PSN-L Email List Message

Subject: Re: Real time traces
From: Brett Nordgren brett3nt@.............
Date: Fri, 21 Aug 2009 19:01:59 -0400

Hi Karl,

Nothing particular at the ends.  The stress builds from the center of the 
spring as you move toward the ends by maybe 25 or 30%, but nothing terribly 
exciting happens at the clamps.  However there is another problem related 
to creep that we did address.  By using relatively thin (0.012") spring 
material we kept the max stress level down to roughly 70-75,000 psi, while 
using material with a yield strength of 280,000 psi.  By working at 1/4 of 
yield, creep is a non-issue.  If you missed it, I ran through some numbers 
in my 8/16 message to Barry Lotz.

In general, I feel that most home designs use springs which are much too 
thick and hence too highly stressed and prone to creep, etc.  Of course if 
you use a thin spring, the mass has to go down too, but in a feedback 
instrument, that's all to the good. (up to a point, of course).

Actually, Dave was the one who designed the spring.  He may want to add 


At 01:57 PM 8/21/2009 -0700, you wrote:
>Hi Brett,
>Thanks for the reply.
>I have a mechanical design question about your sensor.
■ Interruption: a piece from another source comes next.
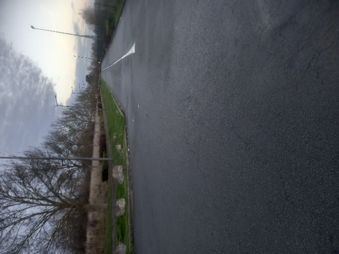 A straight asphalt road stretches into the distance under a cloudy sky. A single white line marks the center, directing the view. To the left, bare trees stand alongside a grassy ditch. Streetlights line the side of the road. The asphalt is dark and appears slightly damp. The scene suggests an overcast or early morning light.

Did you do any 
>thing special with the spring anchor / clamp mechanism?
>For some time I've been focused on creep when leaf springs are clamped and 
>stressed. The thought is that when the spring gets bent, the stress in the 
>outer fibers of the spring will be beyond what the clamp can retain. This 
>is especially true right where the spring emerges from the clamp.
>In some of my experiments this has caused noticeable hysteresis and creep. 
>I surmise the same problem might occur when clamping flexures although the 
>stress is bound to be much lower than in a leaf spring.
>Possibly some of this can be dealt with by stressing the spring and then 
>clamping it, and maybe even artificially aging the assembly after clamping.
>Ideally the spring would be made with thicker ends for clamping but this 
>is obviously impractical for our purposes.
>I'm curious if you did anything to help mitigate this effect.